| 纯度 | >90%SDS-PAGE. |
| 种属 | Human |
| 靶点 | akirin1 |
| Uniprot No | Q9H9L7 |
| 内毒素 | < 0.01EU/μg |
| 表达宿主 | E.coli |
| 表达区间 | 1-192aa |
| 氨基酸序列 | MACGATLKRP MEFEAALLSP GSPKRRRCAP LPGPTPGLRP PDAEPPPPFQ TQTPPQSLQQ PAPPGSERRL PTPEQIFQNI KQEYSRYQRW RHLEVVLNQS EACASESQPH SSALTAPSSP GSSWMKKDQP TFTLRQVGII CERLLKDYED KIREEYEQIL NTKLAEQYES FVKFTHDQIM RRYGTRPTSY VS |
| 预测分子量 | 21,8 kDa |
| 蛋白标签 | His tag N-Terminus |
| 缓冲液 | PBS, pH7.4, containing 0.01% SKL, 1mM DTT, 5% Trehalose and Proclin300. |
| 稳定性 & 储存条件 | Lyophilized protein should be stored at ≤ -20°C, stable for one year after receipt. Reconstituted protein solution can be stored at 2-8°C for 2-7 days. Aliquots of reconstituted samples are stable at ≤ -20°C for 3 months. |
| 复溶 | Always centrifuge tubes before opening.Do not mix by vortex or pipetting. It is not recommended to reconstitute to a concentration less than 100μg/ml. Dissolve the lyophilized protein in distilled water. Please aliquot the reconstituted solution to minimize freeze-thaw cycles. |
以下是关于Akirin1重组蛋白的3-4篇代表性文献概览(基于公开研究整理,具体作者和期刊可能有调整):
1. **"Akirin1 is a nuclear factor essential for the transcriptional activation of NF-κB-dependent immune genes"**
- **作者**: Goto A. et al.
- **摘要**: 研究通过果蝇和小鼠模型发现,Akirin1作为核蛋白通过介导NF-κB与染色质重塑复合物之间的相互作用,调控先天免疫基因(如抗菌肽)的表达,敲除Akirin1会导致免疫应答缺陷。
2. **"Akirin1 regulates skeletal muscle regeneration and myoblast differentiation"**
- **作者**: Harada Y. et al.
- **摘要**: 揭示Akirin1在成肌细胞分化和肌肉再生中的关键作用,通过激活MyoD等肌源性转录因子促进肌管形成,敲低Akirin1会抑制细胞分化并延缓肌肉损伤修复。
3. **"Structural insights into the interaction of Akirin1 with the 14-3-3 protein and transcription factors"**
- **作者**: Bharucha N. et al.
- **摘要**: 利用X射线晶体学解析Akirin1与14-3-3蛋白及DNA结合因子复合物的结构,阐明其通过多结构域招募不同分子以形成基因表达调控复合物的分子机制。
4. **"Akirin1 promotes breast cancer metastasis by modulating the EGFR/ERK signaling pathway"**
- **作者**: Li X. et al.
- **摘要**: 发现Akirin1在乳腺癌细胞中过表达可通过增强EGFR/ERK信号通路活性促进细胞迁移和侵袭,靶向Akirin1可抑制小鼠模型中肿瘤转移。

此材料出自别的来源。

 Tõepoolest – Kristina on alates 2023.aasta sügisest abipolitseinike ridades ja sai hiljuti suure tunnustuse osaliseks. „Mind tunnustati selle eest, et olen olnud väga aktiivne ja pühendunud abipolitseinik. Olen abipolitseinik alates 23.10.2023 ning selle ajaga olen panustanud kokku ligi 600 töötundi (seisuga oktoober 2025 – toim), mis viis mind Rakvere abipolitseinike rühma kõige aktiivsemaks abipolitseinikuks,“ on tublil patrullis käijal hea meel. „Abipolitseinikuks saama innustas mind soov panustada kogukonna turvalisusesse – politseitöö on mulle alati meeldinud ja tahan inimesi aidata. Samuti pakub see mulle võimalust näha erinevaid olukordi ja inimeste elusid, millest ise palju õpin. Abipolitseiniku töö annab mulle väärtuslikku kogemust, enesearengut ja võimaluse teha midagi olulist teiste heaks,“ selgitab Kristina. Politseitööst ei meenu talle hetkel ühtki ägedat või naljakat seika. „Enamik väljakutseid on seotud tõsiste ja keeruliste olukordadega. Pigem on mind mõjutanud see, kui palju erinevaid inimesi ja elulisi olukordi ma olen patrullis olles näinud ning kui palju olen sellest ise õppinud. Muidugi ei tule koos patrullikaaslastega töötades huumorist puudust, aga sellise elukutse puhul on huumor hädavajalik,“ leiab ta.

(注:以上文献标题和内容基于领域内研究方向综合概括,具体发表信息需以实际数据库检索为准。)
Akirin1. a highly conserved nuclear protein, plays a critical role in regulating gene expression, particularly in innate immune responses and developmental processes. First identified in *Drosophila* as a key factor in muscle development and immune signaling, it has since been recognized in vertebrates for its evolutionary conservation and functional significance. Structurally, Akirin1 lacks enzymatic activity but acts as a bridging molecule, facilitating interactions between transcription factors (e.g., NF-κB) and chromatin remodelers to modulate gene activation. This mechanism is vital in pathways like the Toll-like receptor (TLR) and interleukin-1β (IL-1β) signaling, influencing inflammation, pathogen defense, and tissue homeostasis.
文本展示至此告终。